++++ Input material

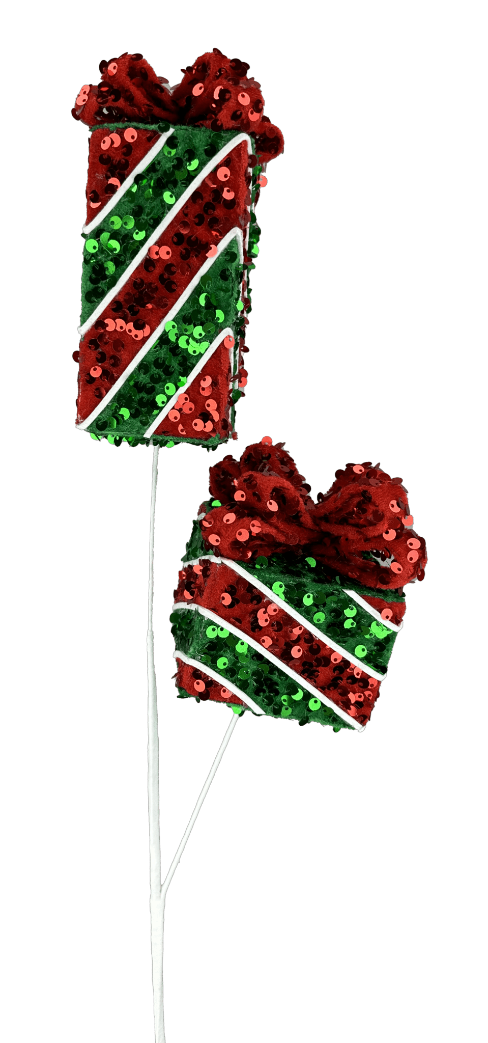 Sequin Gift Box Spray – Red & Green Christmas Picks, 28" (86036RWG)
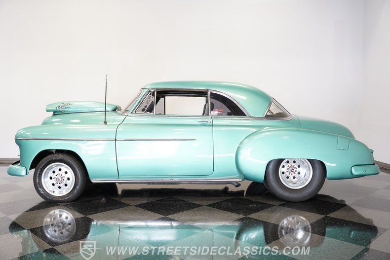 Some cars need no introduction. While it was originally designed as a family sedan, this 1950 Chevrolet Bel Air Pro Street is built to haul a lot more than groceries. The inaugural year for the Bel Air name, along with the two-door hardtop designation, the 1950 model already holds special significance, but with its full Green Metallic repaint, massive-scooped hood, and steamroller-sized Mickey Thompson rear tires, this race-ready coupe is truly one of a kind.
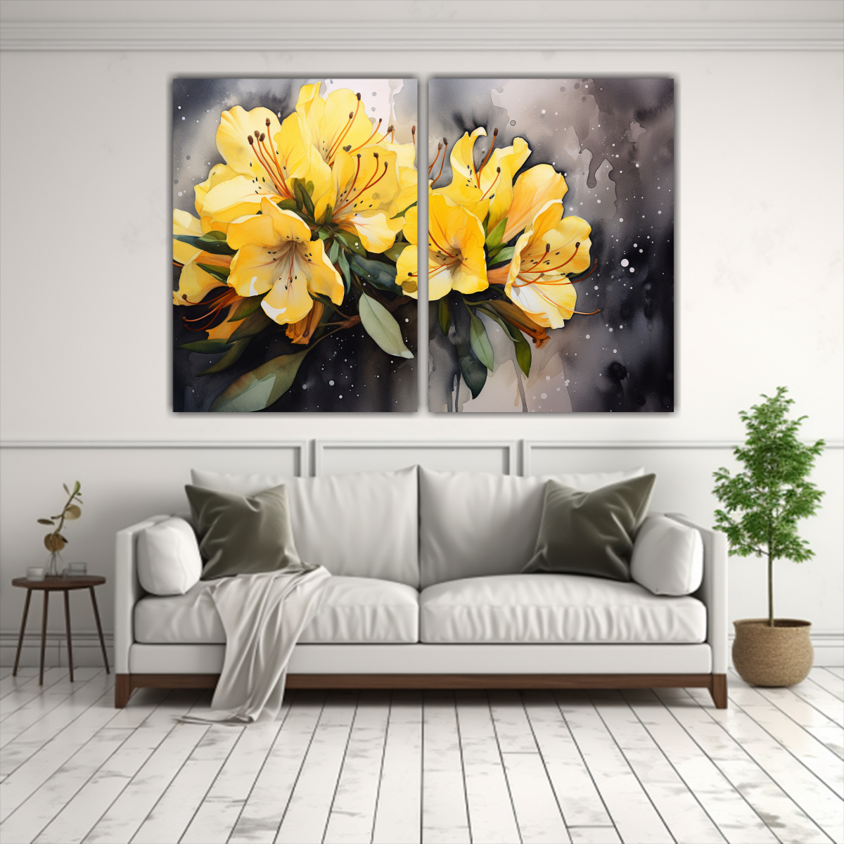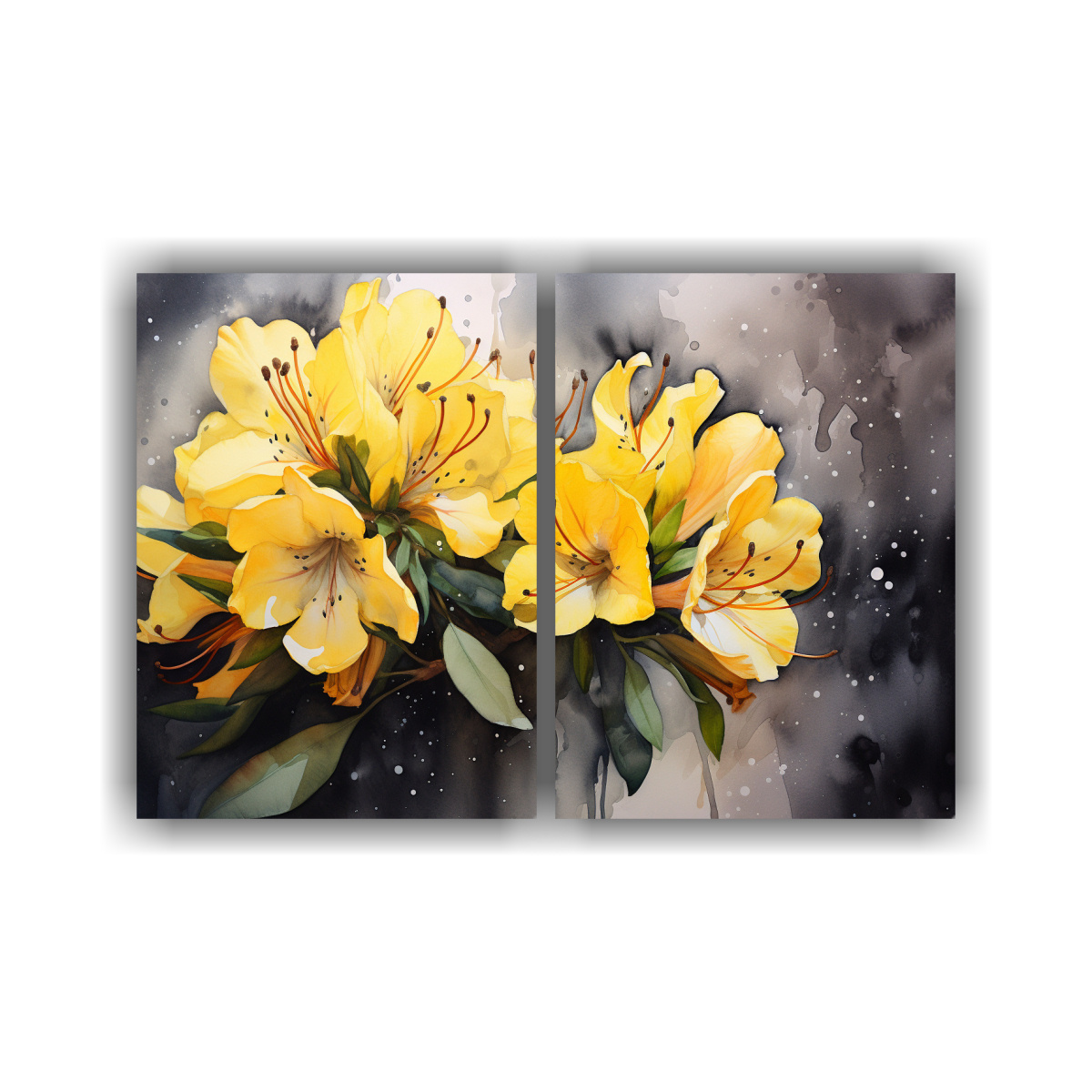 Este set de lienzos de rododendros amarillos y negros se vería espectacular en el área del comedor, creando un ambiente sofisticado y moderno Combínalo con muebles de tonos neutros para resaltar su belleza y darle un toque de color a la habitación
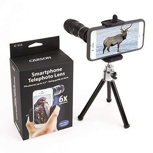 The HookUpz Universal Smartphone Adapter with 6x18mm telephoto lens monocular and adjustable mini-tripod (IC-918) from Carson is a perfect digiscoping accessory to take with you on your next outdoor adventure. Use the built-in camera application on your smartphone to take pictures and record video of your subject. Then, you can send the results to friends and family through your smartphone. This digiscoping adapter is compatible with most popular smartphones in the marketplace that have a width of up to 3.2 inches (including the case dimensions). However, this digiscoping adaper will NOT FIT TABLETS. Please see the Sizing Guide PDF under Product Details section for further details. This digiscoping adapter set is compact, lightweight and has an ergonomic design. It is the perfect accessory to take with you on your next backpacking, hiking, camping, hunting, concert, sporting event or other outdoor adventure. This set comes included with a 6x18mm telephoto lens monocular, adjustable mini-tripod, adapter piece and a storage pouch. At Carson, we strive to make sure our customers are 100% satisfied with the quality of our products.We are so confident in our products that we back them with a Lifetime Limited Warranty! Carson will repair or replace your product if it is found to have manufacturing defects in materials or workmansship. Please contact Carson for additional warranty details.
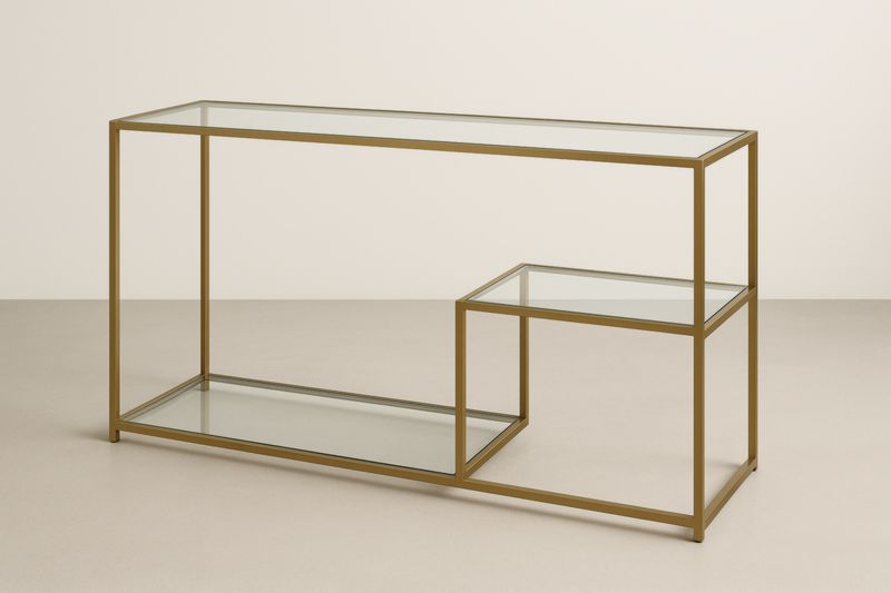 Tavolo Consolle in Acciaio Dorato e Vetro Temperato€135,00
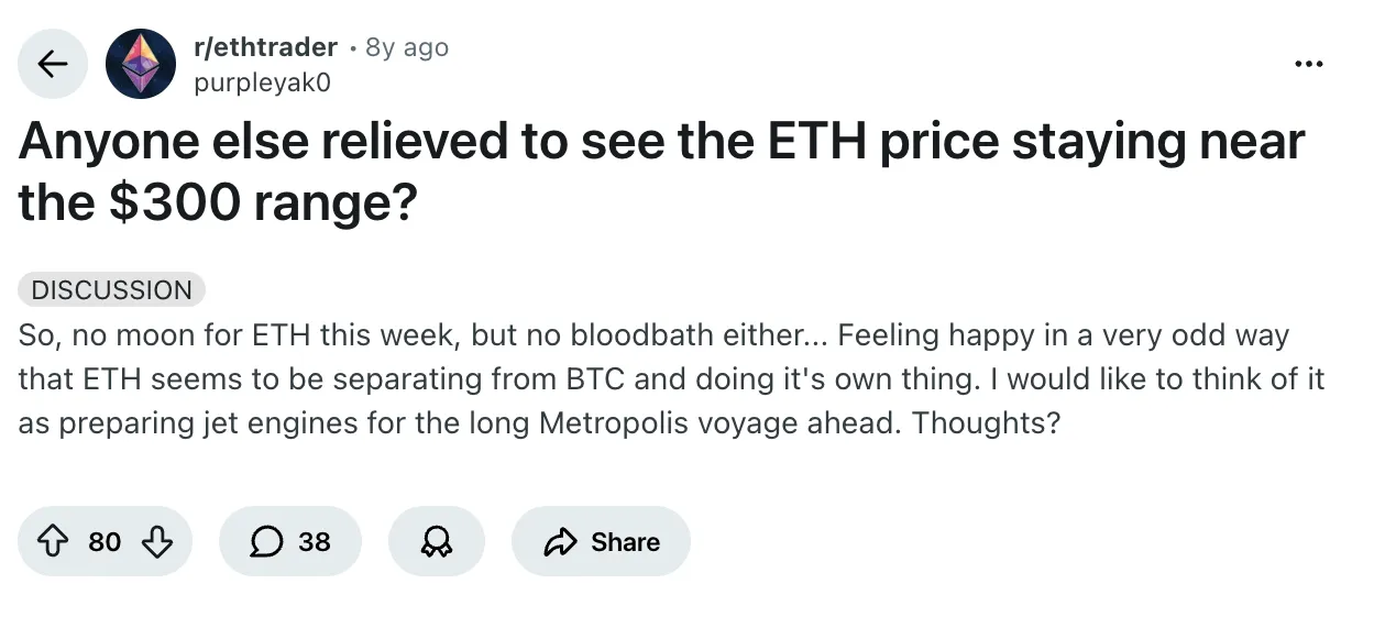 把比特币和以太坊的价格冻结在今天,退出市场永远不碰。够了吗?这才是衡量“早期”投资者的唯一标准。
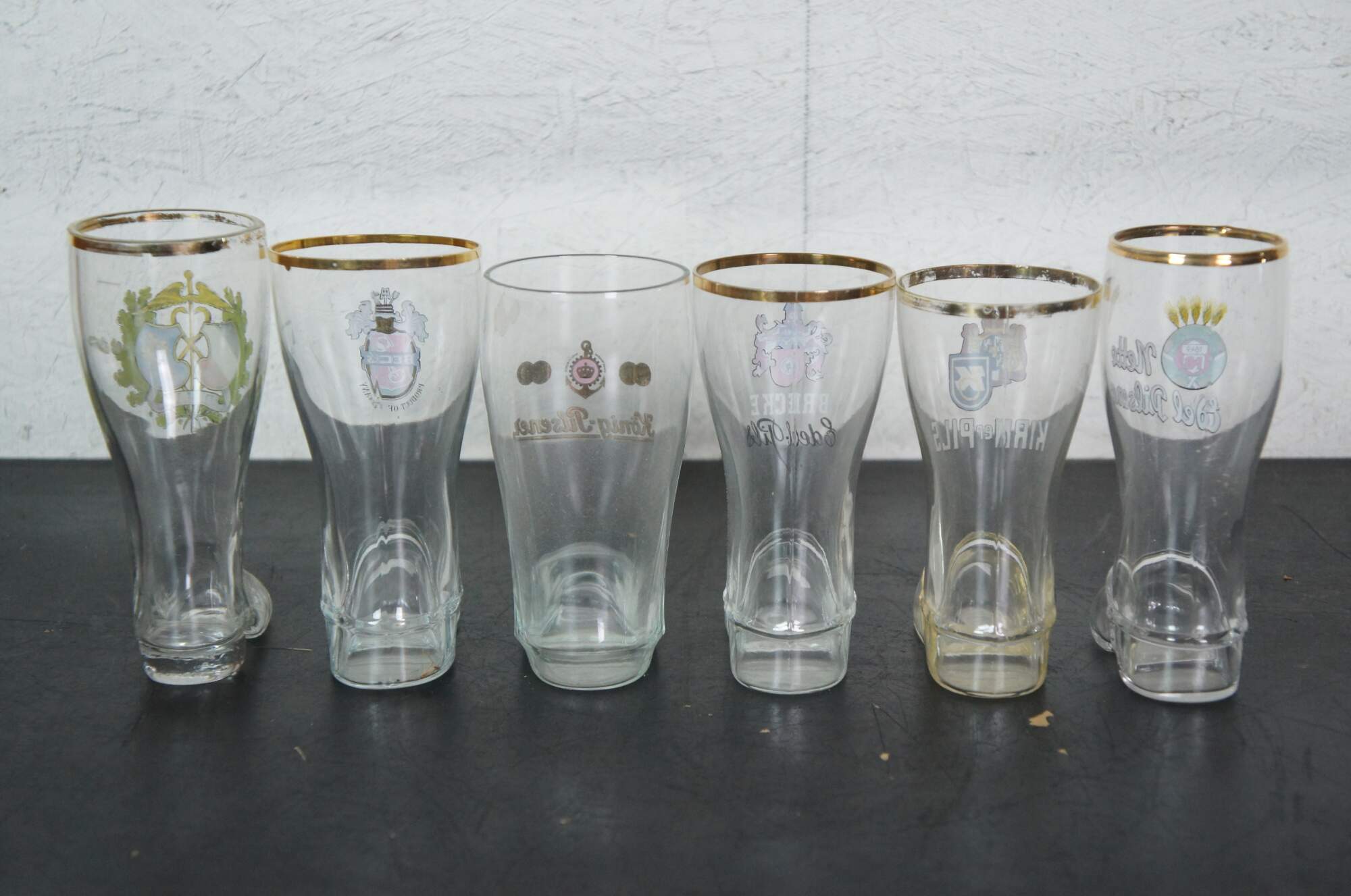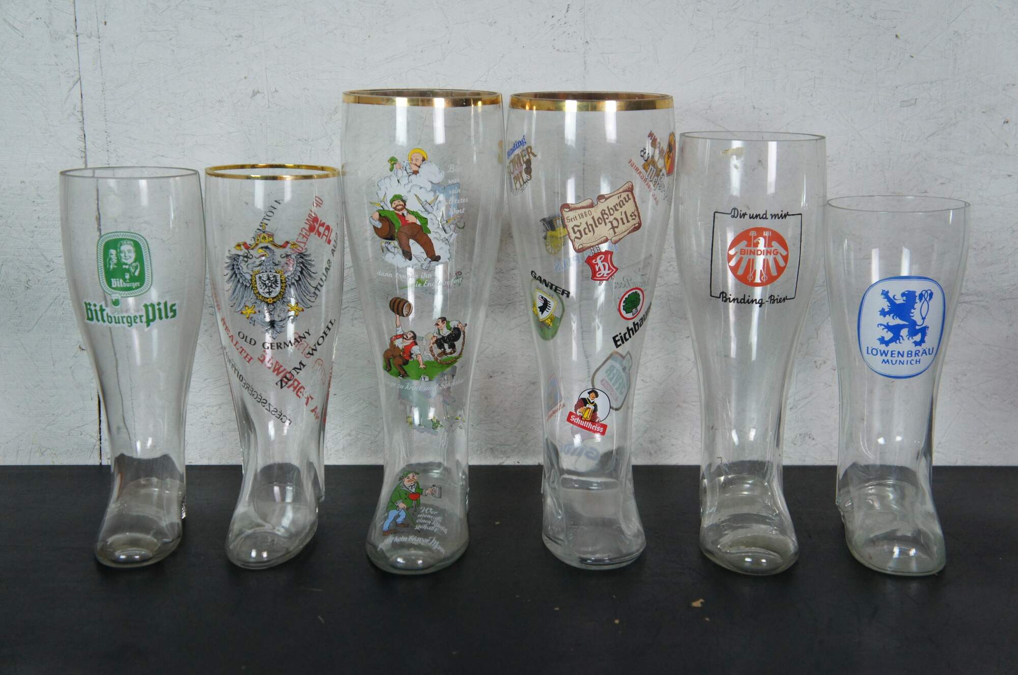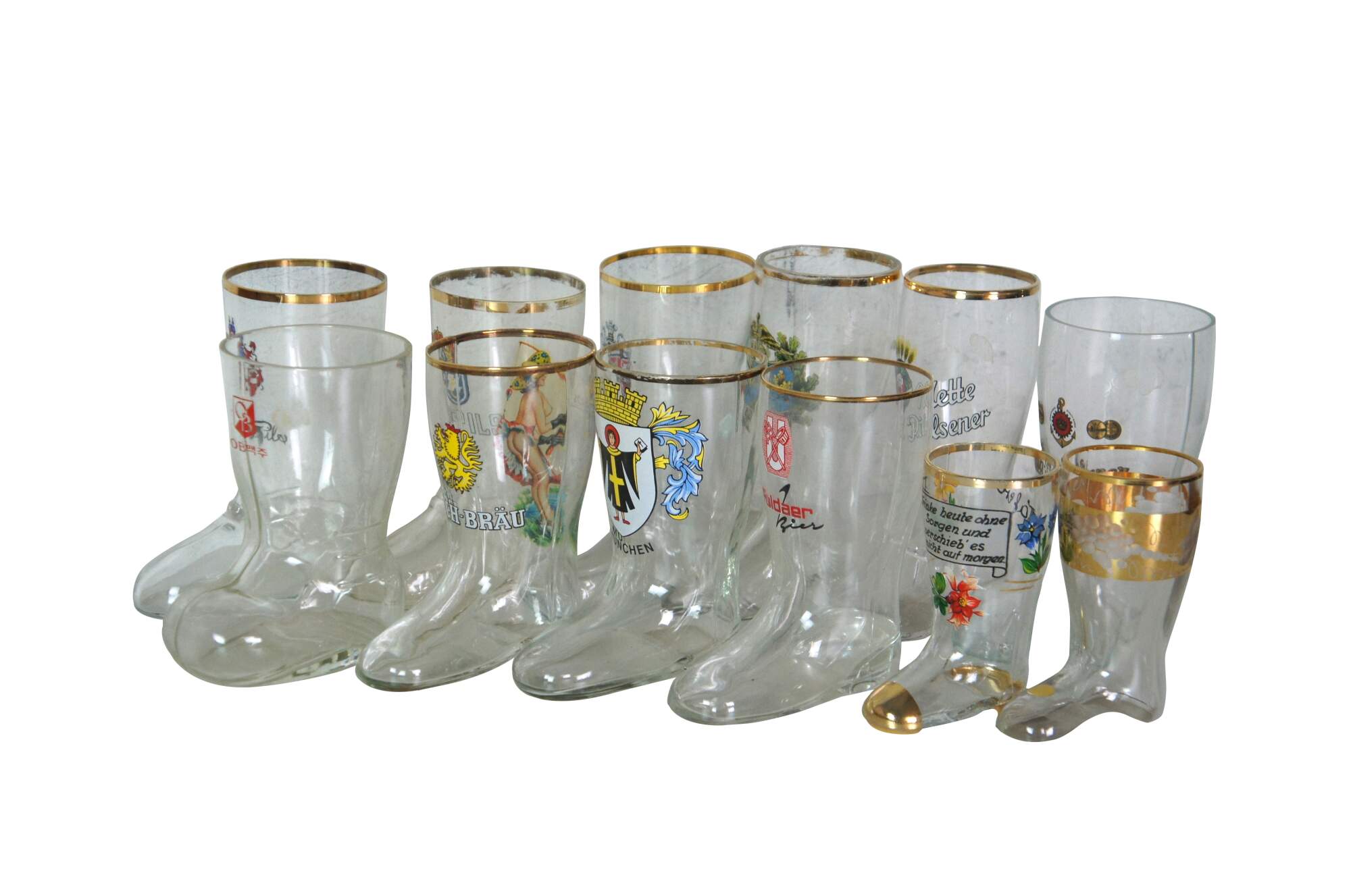 Lot of 24 mid to late 20th century German beer glass drinking boots in a wide variety of sizes. Some painted, some printed, some city souvenirs, some Heraldic Crests / Coat of Arms. Brands represented include: Bitburger, Schlopbrau, Binding, Lowenbrau, Old Germany, Parkbrau, Becks, Konig, Koch-brau, Fuldaer.
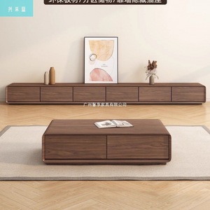 全实木电视柜日式现代简约客厅家用黑胡桃色烤漆极简地柜电视机柜
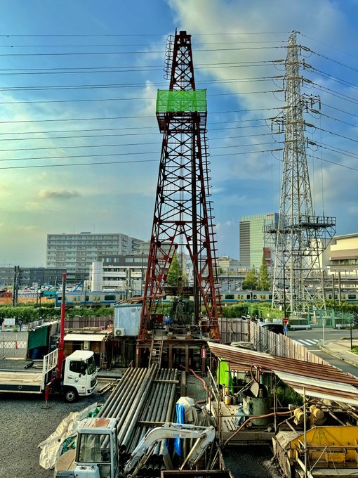 温泉掘削工事明日(8/19)から2日間は、ケーシングパイプ(550メートル)分の挿入作業を行う予定です#海老名#小田急
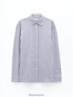 vestir 262DTJ393 azul pacífico/raya blanca hombres Filippa K camisa de algodón a rayas
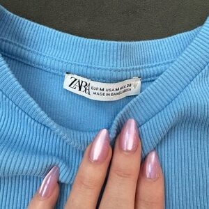Zara Ribbed Blue Top with Ruffle Sleeves
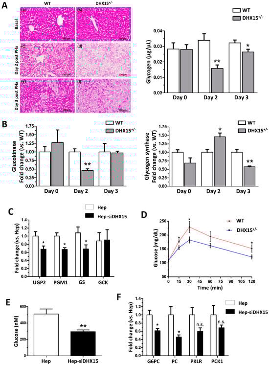 After partial hepatectomy, glycogen storage is used to feed the highly metabolic demand of liver regeneration, finding its lowest peak at 24 h post-PHx, to later recover its normal levels [,]. To elucidate whether the defects in regeneration were related to metabolic alterations restricting the energetic demands in the liver, we first quantified glycogen levels in the regenerating livers of our Dhx15-deficient animal experimental model. We observed a significant decrease in glycogen in Dhx15+/− mice two and three days after PHx compared to WT (Figure 4A), indicating that heterozygous mice are unable to normalize glycogen levels post-PHx. We analyzed the expression of glucokinase (Gck), which converts glucose into glucose 6-phosphate, and the expression of glycogen synthase (Gs) which converts UDP-glucose into glycogen, before and after hepatectomy (Figure 4B). We observed that after hepatectomy, Dhx15+/− mice showed significantly lower levels of Gck at day 2, returning to basal levels at day 3. On the other hand, the Gs gene showed differential expression in the context of Dhx15 deficiency with overexpression on day two and gene repression on day three, compared to the wild-type group. Although Gs does not exhibit a defined tendency of differential expression, its consistent transcriptional deregulation together with the differential expression of Gck are concordant with the differences found in glycogen accumulation between the wild-type and the Dhx15+/− groups at different time points (Figure 4A). This may indicate that the deficiency of the Dhx15 helicase is altering the expression of Gck and that Gs expression increases in order to compensate such enzymatic deficiency; however, it is not able to properly restore the glycogen storage levels. Accordingly, in Dhx15 silenced hepatocytes (Hep-siDhx15), we evaluated genes participating in glycogenesis and found lower RNA expression of Phosphoglucomutase 1 and Udp-glucose pyrophosphorylase that participate in the conversion of glucose into glycogen (Figure 4C).
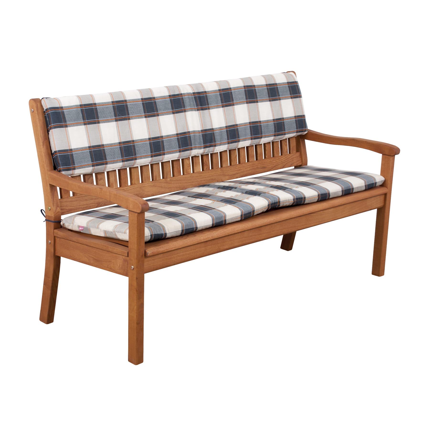 Poduszka na siedzisko do ławki 3-osobowej do mebli ogrodowych. Poduszka siedziska jest mocowana za pomocą dwóch sznurowadeł. Pokrowca nie można zdjąć. Wyprodukowano w Czechach.

++++++++

Task objective: The data above should be set down again exactly, with the pictures omitted.

Solved exercise:
 Sequin Gift Box Spray – Red & Green Christmas Picks, 28" (86036RWG)
 Some cars need no introduction. While it was originally designed as a family sedan, this 1950 Chevrolet Bel Air Pro Street is built to haul a lot more than groceries. The inaugural year for the Bel Air name, along with the two-door hardtop designation, the 1950 model already holds special significance, but with its full Green Metallic repaint, massive-scooped hood, and steamroller-sized Mickey Thompson rear tires, this race-ready coupe is truly one of a kind.
 Este set de lienzos de rododendros amarillos y negros se vería espectacular en el área del comedor, creando un ambiente sofisticado y moderno Combínalo con muebles de tonos neutros para resaltar su belleza y darle un toque de color a la habitación
 The HookUpz Universal Smartphone Adapter with 6x18mm telephoto lens monocular and adjustable mini-tripod (IC-918) from Carson is a perfect digiscoping accessory to take with you on your next outdoor adventure. Use the built-in camera application on your smartphone to take pictures and record video of your subject. Then, you can send the results to friends and family through your smartphone. This digiscoping adapter is compatible with most popular smartphones in the marketplace that have a width of up to 3.2 inches (including the case dimensions). However, this digiscoping adaper will NOT FIT TABLETS. Please see the Sizing Guide PDF under Product Details section for further details. This digiscoping adapter set is compact, lightweight and has an ergonomic design. It is the perfect accessory to take with you on your next backpacking, hiking, camping, hunting, concert, sporting event or other outdoor adventure. This set comes included with a 6x18mm telephoto lens monocular, adjustable mini-tripod, adapter piece and a storage pouch. At Carson, we strive to make sure our customers are 100% satisfied with the quality of our products.We are so confident in our products that we back them with a Lifetime Limited Warranty! Carson will repair or replace your product if it is found to have manufacturing defects in materials or workmansship. Please contact Carson for additional warranty details.
 Tavolo Consolle in Acciaio Dorato e Vetro Temperato€135,00
 把比特币和以太坊的价格冻结在今天,退出市场永远不碰。够了吗?这才是衡量“早期”投资者的唯一标准。
 Lot of 24 mid to late 20th century German beer glass drinking boots in a wide variety of sizes. Some painted, some printed, some city souvenirs, some Heraldic Crests / Coat of Arms. Brands represented include: Bitburger, Schlopbrau, Binding, Lowenbrau, Old Germany, Parkbrau, Becks, Konig, Koch-brau, Fuldaer.
 全实木电视柜日式现代简约客厅家用黑胡桃色烤漆极简地柜电视机柜
 温泉掘削工事明日(8/19)から2日間は、ケーシングパイプ(550メートル)分の挿入作業を行う予定です#海老名#小田急
 vestir 262DTJ393 azul pacífico/raya blanca hombres Filippa K camisa de algodón a rayas
Zara Ribbed Blue Top with Ruffle Sleeves
 After partial hepatectomy, glycogen storage is used to feed the highly metabolic demand of liver regeneration, finding its lowest peak at 24 h post-PHx, to later recover its normal levels [,]. To elucidate whether the defects in regeneration were related to metabolic alterations restricting the energetic demands in the liver, we first quantified glycogen levels in the regenerating livers of our Dhx15-deficient animal experimental model. We observed a significant decrease in glycogen in Dhx15+/− mice two and three days after PHx compared to WT (Figure 4A), indicating that heterozygous mice are unable to normalize glycogen levels post-PHx. We analyzed the expression of glucokinase (Gck), which converts glucose into glucose 6-phosphate, and the expression of glycogen synthase (Gs) which converts UDP-glucose into glycogen, before and after hepatectomy (Figure 4B). We observed that after hepatectomy, Dhx15+/− mice showed significantly lower levels of Gck at day 2, returning to basal levels at day 3. On the other hand, the Gs gene showed differential expression in the context of Dhx15 deficiency with overexpression on day two and gene repression on day three, compared to the wild-type group. Although Gs does not exhibit a defined tendency of differential expression, its consistent transcriptional deregulation together with the differential expression of Gck are concordant with the differences found in glycogen accumulation between the wild-type and the Dhx15+/− groups at different time points (Figure 4A). This may indicate that the deficiency of the Dhx15 helicase is altering the expression of Gck and that Gs expression increases in order to compensate such enzymatic deficiency; however, it is not able to properly restore the glycogen storage levels. Accordingly, in Dhx15 silenced hepatocytes (Hep-siDhx15), we evaluated genes participating in glycogenesis and found lower RNA expression of Phosphoglucomutase 1 and Udp-glucose pyrophosphorylase that participate in the conversion of glucose into glycogen (Figure 4C).
 Poduszka na siedzisko do ławki 3-osobowej do mebli ogrodowych. Poduszka siedziska jest mocowana za pomocą dwóch sznurowadeł. Pokrowca nie można zdjąć. Wyprodukowano w Czechach.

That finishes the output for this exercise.